The other key milestone is over Bayer’s $7.25 billion proposal to settle thousands of current and future Roundup claims. A fairness hearing is scheduled for July 9 in state court in Missouri, but opponents of the settlement have asked for a transfer to San Francisco to get the case in front of a federal judge who has already publicly noted the deal’s flaws. Bayer objected the move and said it’s confident it has good arguments for the case to be returned to Missouri’s courts.

Potential changes to the location and, therefore, timing of that decision have also unsettled investors, who are keen to move on from the Monsanto saga.

Bayer investor Manns thinks the company is likely to get its way in at least one of the cases. “I expect that a majority, likely more than 80%, of plaintiffs will support the proposal, as the settlement terms are very favorable,” he said.

“However, if both efforts fail, then we would be looking at a significant, possibly catastrophic, setback for Bayer. The long-term financial uncertainty would remain. Investors would never know when the next €5 billion settlement payment might be required.”

Bayer has already paid more than $11 billion in Roundup settlements and still faces more than 65,000 current suits blaming its active ingredient, glyphosate, for causing non-Hodgkin lymphoma, according to securities filings.
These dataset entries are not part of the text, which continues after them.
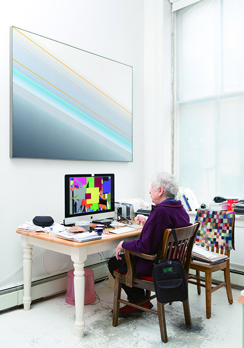 그녀의 작품 세계에서 빼놓을 수 없는 또 한 가지 주요 요소는 ‘컬러’다. 신시내티대(Univ. of Cincinnati)에서 디자인을 공부하던 학부 시절, 왜 일몰은 빨강인지, 왜 하늘은 파란지, 가을이면 나무 색은 어떻게 변해가는지 등 색에 대해 한층 깊이 생각하게 되었다. 또 시간이 갈수록 사미아의 작품 세계를 대변하는 ‘밝은 색감’은 1980년대, 캔버스의 대체제로 ‘AMIAGA’라는 컴퓨터 프로그래밍을 이용해 ‘키네틱 페인팅’을 하던 시기에 떠올리게 됐다. “오일 페인팅을 할 때는 물리적으로 빨리 그리기가 힘든데, 컴퓨터로는 스플래시 효과도 가능하고, 예일대 제자이자 재능 있는 뮤지션인 케빈이랑 즉흥연주도 하면서 여러 가지 새로운 실험을 해볼 수 있었어요. 그런데 2~3년 동안 컴퓨터로 작업을 하다 보니 더 이상 그리기가 싫고 어렵더군요. 어느 날, ‘컴퓨터가 만들 수 있는 색보다 더 밝고 아름다운 색을 직접 그려보자’라는 결심이 섰죠.”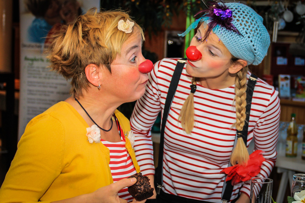 Sie geben uns Ihre Themen und wir bringen diese clownesk und spielerisch die auf die Bühne. Schauen Sie mit einem Augenzwinkern in den Spiegel. Als Kontakt- und Improvisations-Künstlerinnen versprühen wir Fröhlichkeit und Ausgelassenheit und schaffen Nähe und Vertrautheit.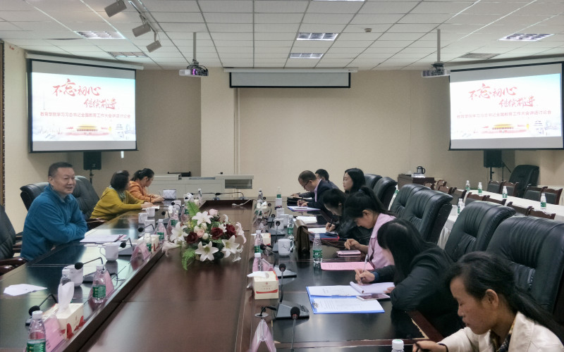 育精益求精工匠,做德技双馨教师。10月18日,教育学院学习习总书记全国教育工作大会讲话讨论会在图书馆401顺利召开。学院副院长吴节义、党支部副书记熊定永及学院全体教师参加会议。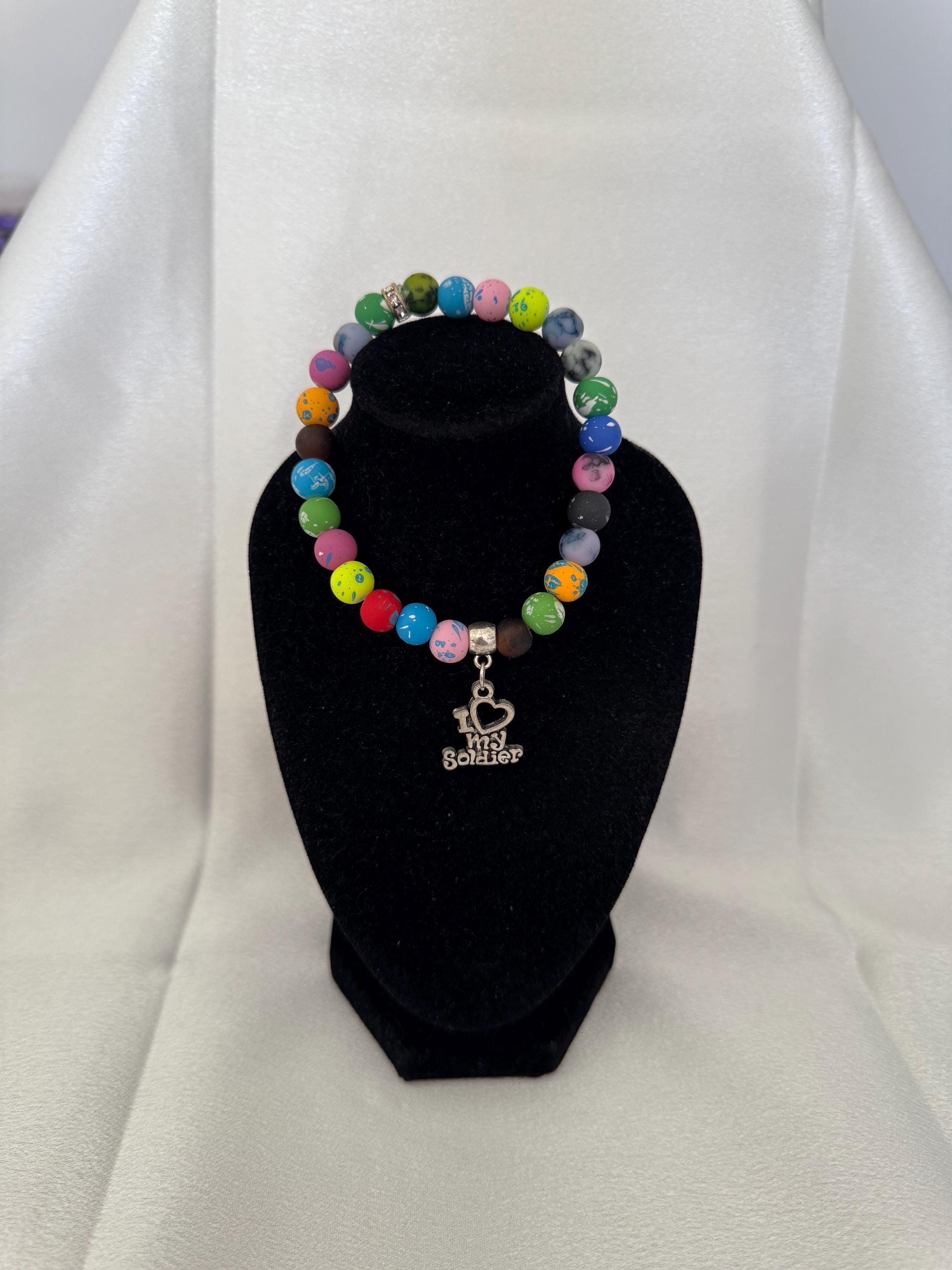 Celebrate your love for the USA with this handmade stretch bracelet, crafted with vibrant acrylic and glass beads and finished with a patriotic charm. Perfect for holidays like the Fourth of July, Memorial Day, Veterans Day, or simply showing your American pride yearโ€‘round. Measuring approximately 7.5 inches, it can also be customized in size and color to suit your style.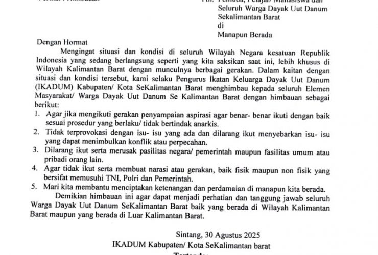 SINTANG, RUAI.TV – Ikatan Keluarga Dayak Uut Danum (IKADUM) Kabupaten/Kota se-Kalimantan Barat mengeluarkan himbauan bersama bagi seluruh warga Dayak Uut Danum di manapun berada. Himbauan ini muncul menyikapi situasi sosial politik yang dinilai cukup dinamis di Indonesia, khususnya di Kalimantan ...

The shares are down more than 60% since the company completed the $63 billion Monsanto deal.

“Bayer’s hubristic purchase of Monsanto, with what must be viewed as woeful due diligence, has been the ultimate corporate nightmare that keeps on giving,” said Ketan Patel, a fund manager at the family office Whitefriars, which doesn’t own Bayer shares.

Patel sees risks to Bayer around both rulings, noting that a Supreme Court decision against the company “could open the floodgates in every State where Roundup was sold, and where the rules surrounding labeling are interpreted differently from State to State.”

Many are more positive on the company’s prospects. The shares have 16 buy ratings among 21 analysts tracked by Bloomberg, with an average price target that suggests more than 40% upside. For Barclays’ Pitman-King, who rates Bayer overweight, the resolution of litigation could also open the door to a possible consumer health separation in future, helping the stock achieve its estimated €53 to €60 sum-of-the-parts valuation.

Still, even if the two upcoming cases go Bayer’s way, the company has other legal battles to contend with. While Monsanto stopped supplying toxic chemicals known as polychlorinated biphenyls — or PCBs — to customers for use in their products decades ago, the company has been sued by state and local governments, school districts and individuals.

Bayer has already agreed to pay almost $2 billion in settlements in PCB cases, and potentially faces billions of dollars in exposure from a growing number of lawsuits over PCB products filed by state and local governments, school districts and individuals. It is pursuing a strategy to recoup some of its litigation costs from other companies, such as General Electric Co., that were large users of the chemicals.

Read: Bayer Faces Billions in Payouts for Decades-Old Toxic Mess

“The lesson of the last decade I’d draw is: there’s always someone in the US who wants to sue Monsanto,” said Berenberg’s Sebastian Bray. “A Supreme Court victory would be a great way of protecting Bayer, but it probably wouldn’t solve absolutely everything.”

--With assistance from Jef Feeley.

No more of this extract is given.